Ich hatte noch einen weiteren Standort von Escobaria missourienses. Dieser lag in Richtung Boulder, nach Boulder von der 12 die Hole in the Rock Road runter gen Süden. Das waren aber mal wieder etliche Meilen, ich musste ja auch wieder nach Torrey zurück…hätte ich doch dort nur eine Nacht gebucht und nicht zwei…
Auf nach Boulder! Die Fahrt nach Boulder ist ein Traum! Der Dixie National Forest ist wunderschön, die Landschaft ein Traum aus Stein, Hügeln, Farben, Kiefern und Wacholder. Hier oben war es stellenweise noch gefroren, es waren Minusgrade. Was soll man hier als erstes Photographieren?
Nach Boulder bog ich von der 12 links weg eine Dirt Road rein, die Hole in the Rock Road, die auch dorthin führt.
An der Straße ein Schild das mahnte: Haben Sie genügend Sprit und Wasser mit? Diese „Straße“ war teils ganz schön mit Sand verweht, Waschbrettpiste, Staub. Hier war mehr Verkehr als ich dachte, es waren aber scheinbar nur Einheimische unterwegs.

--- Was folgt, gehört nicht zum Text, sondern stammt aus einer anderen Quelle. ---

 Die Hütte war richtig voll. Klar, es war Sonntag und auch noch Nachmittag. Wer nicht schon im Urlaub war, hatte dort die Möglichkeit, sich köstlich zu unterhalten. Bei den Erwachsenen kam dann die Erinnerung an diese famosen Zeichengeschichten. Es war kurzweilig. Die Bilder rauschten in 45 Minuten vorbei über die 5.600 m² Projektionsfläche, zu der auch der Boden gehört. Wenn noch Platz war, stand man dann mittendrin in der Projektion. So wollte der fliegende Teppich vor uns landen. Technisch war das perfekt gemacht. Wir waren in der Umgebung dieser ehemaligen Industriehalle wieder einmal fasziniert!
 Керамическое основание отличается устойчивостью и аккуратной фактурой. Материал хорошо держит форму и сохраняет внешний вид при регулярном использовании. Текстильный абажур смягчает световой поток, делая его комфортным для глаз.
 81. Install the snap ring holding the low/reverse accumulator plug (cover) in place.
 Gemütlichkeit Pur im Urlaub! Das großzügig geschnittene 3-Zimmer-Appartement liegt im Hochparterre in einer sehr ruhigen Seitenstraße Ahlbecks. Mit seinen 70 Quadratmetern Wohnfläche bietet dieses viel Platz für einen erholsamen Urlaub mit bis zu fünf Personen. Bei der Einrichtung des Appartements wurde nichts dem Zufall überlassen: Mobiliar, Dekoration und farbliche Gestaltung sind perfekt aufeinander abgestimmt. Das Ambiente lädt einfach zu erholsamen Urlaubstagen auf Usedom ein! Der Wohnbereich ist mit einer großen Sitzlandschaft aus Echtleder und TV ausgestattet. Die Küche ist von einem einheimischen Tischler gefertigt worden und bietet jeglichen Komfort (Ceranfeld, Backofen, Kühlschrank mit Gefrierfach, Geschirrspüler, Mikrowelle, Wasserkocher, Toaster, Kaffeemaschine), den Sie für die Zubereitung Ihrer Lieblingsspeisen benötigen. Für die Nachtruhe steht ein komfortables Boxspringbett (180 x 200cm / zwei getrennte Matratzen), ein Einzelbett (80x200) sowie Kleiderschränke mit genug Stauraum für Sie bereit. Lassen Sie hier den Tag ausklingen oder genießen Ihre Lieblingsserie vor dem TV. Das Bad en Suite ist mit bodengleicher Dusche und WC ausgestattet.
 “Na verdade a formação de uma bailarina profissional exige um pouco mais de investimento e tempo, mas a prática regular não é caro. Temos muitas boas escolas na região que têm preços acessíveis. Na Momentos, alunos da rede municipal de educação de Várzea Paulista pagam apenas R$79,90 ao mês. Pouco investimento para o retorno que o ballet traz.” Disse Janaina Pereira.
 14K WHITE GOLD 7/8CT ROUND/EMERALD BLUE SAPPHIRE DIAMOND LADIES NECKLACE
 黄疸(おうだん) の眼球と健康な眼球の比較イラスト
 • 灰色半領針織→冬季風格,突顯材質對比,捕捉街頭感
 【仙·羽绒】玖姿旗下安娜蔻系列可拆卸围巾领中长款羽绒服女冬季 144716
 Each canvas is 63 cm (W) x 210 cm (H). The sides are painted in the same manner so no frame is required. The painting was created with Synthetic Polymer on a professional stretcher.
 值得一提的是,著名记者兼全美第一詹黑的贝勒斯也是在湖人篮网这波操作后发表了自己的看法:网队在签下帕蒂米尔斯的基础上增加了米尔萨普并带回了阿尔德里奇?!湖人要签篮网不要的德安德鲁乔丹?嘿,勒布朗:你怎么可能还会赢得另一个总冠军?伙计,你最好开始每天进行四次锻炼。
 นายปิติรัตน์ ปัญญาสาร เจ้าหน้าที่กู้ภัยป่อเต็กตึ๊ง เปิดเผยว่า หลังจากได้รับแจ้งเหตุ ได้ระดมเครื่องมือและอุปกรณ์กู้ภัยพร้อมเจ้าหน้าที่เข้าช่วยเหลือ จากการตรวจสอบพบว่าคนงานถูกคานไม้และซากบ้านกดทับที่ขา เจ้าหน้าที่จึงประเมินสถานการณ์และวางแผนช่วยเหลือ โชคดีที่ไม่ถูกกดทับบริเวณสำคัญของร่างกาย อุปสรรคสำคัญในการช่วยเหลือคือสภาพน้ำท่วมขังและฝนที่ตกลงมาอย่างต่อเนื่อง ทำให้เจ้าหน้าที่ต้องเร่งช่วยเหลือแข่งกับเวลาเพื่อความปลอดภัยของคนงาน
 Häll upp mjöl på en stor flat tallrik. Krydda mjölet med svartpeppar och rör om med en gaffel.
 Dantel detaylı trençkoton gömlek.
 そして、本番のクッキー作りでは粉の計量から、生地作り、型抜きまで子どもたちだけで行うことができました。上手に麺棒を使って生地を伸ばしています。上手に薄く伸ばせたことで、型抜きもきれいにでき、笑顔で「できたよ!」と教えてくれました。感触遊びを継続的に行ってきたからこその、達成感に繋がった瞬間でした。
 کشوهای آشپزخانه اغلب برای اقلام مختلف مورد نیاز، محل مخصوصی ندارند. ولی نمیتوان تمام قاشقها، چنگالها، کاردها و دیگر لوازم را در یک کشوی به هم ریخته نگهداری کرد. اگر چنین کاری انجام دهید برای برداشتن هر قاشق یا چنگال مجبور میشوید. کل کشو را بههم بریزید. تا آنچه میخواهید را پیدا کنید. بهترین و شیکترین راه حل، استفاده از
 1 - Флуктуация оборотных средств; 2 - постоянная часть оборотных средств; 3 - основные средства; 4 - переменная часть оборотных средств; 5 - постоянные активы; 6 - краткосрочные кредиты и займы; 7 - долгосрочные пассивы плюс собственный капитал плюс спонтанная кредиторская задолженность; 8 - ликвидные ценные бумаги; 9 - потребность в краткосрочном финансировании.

Eine Frau habe ich an einer kleinen Sanddüne mit ihrem Wohnmobil getroffen! Ob die wusste was sie da tut?
Nach längerer Fahrt auf dieser doch etwas anspruchsvolleren Straße, wo fährt man, im Sand oder auf dem Waschbrett, kam ich zum Standort von Escobaria missouriensis an. Hier sollte die wachsen? Es regten sich Zweifel an diesem Standort. Aber man weiß ja nie!
Ich suchte dort längere Zeit vergeblich…Schade!
Ich fuhr die Dirt Road zurück in Richtung Torrey, als mir langsam ein Sheriff entgegenfahren kam. 20m vor mir schalte er alle Lampen und Lichter an seinem Wagen ein, der Einfallsreichtum der Amerikaner wo, wie, und welche Lampen und Blinklichter aller Art sie an ihre Wagen anbringenden können scheint keine Grenzen zu kennen, was wohl heißen sollte, ich will was von dir! Oh Gott, was will der bloß?!
Wir fuhren so, dass direkt Fenster an Fenster war. Er grüße, ich grüße höflich zurück. Es seien in der Nacht hier einige Autos gestohlen worden, er hat sie mir beschrieben, ob ich solche Fahrzeige hier gesehen hätte. Ich verneinte. Jetzt sah er erstaunt meinen Laptop auf dem Beifahrersitz mit Topo drauf, wünschte mir eine Gute Reise und verabschiedete sich.
Es war Nachmittag, vor mir lagen dutzende von Meilen zurück nach Torrey… hätte ich doch dort nur eine Nacht gebucht und nicht zwei…
Nach längerer Fahrt war ich wieder in Torrey, hatte zwar heute keine neuen Kakteen gefunden, besser gesagt, keine die mich interessieren, aber der Tag war landschaftlich gesehen ein Traum!
Wenn ich morgen in aller Frühe Torrey verlassen würde, dann sehe ich die Landschaft nie so, wie ich heute das Vergnügen dazu hatte.
In Torrey ging es ab ins Hotel, unter die Dusche und ab in mein Bett (bis heute weiß ich nicht, wo zu jede der einzelnen Decken im Bett gedacht ist…) eine Runde schlafen, was auch Not tat, denn ich war irgendwie fertig. Abends war ich nochmals im Subways und holte was Frisches zu beißen, machte gemütlich im Bett Abendbrot und sah MASH im Original im Fernsehen. Nur fehlten hier meine Englischkenntnisse um über die Witze lachen zu können. Aber ich kannte die Episoden im Deutschen und von daher war es kein Problem…
Morgen sollte es nach Page gehen,
Gute Nacht!
![]()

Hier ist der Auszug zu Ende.